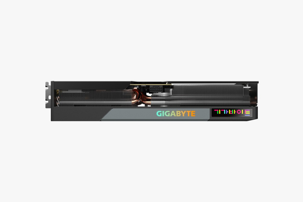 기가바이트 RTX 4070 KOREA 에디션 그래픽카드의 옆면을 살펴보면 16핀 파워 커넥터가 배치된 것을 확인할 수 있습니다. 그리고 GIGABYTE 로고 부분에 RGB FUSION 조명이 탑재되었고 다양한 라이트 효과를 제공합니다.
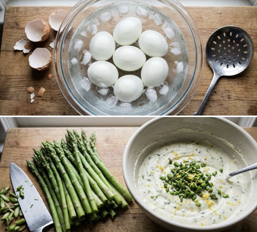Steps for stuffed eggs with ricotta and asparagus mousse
•••
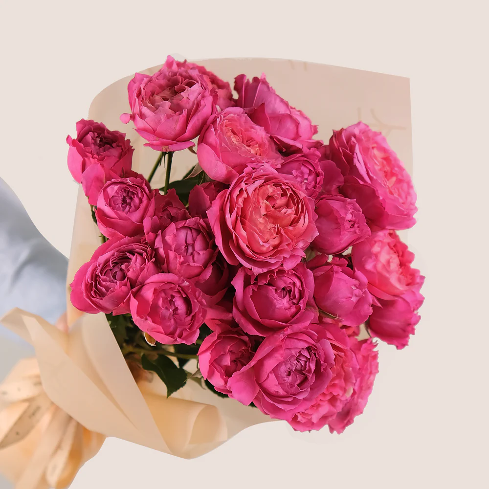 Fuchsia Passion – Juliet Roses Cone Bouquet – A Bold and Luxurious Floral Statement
•••
_TASK INSTRUCTIONS_:
Because only one stretch of the records is wanted, please output the lines from the one holding "기가바이트 RTX 4070" through the one holding "Steps for stuffed" exactly, both included, and leave every picture out.

_SOLUTION FOR THIS EXERCISE_:
 기가바이트 RTX 4070 KOREA 에디션 그래픽카드의 옆면을 살펴보면 16핀 파워 커넥터가 배치된 것을 확인할 수 있습니다. 그리고 GIGABYTE 로고 부분에 RGB FUSION 조명이 탑재되었고 다양한 라이트 효과를 제공합니다.
Steps for stuffed eggs with ricotta and asparagus mousse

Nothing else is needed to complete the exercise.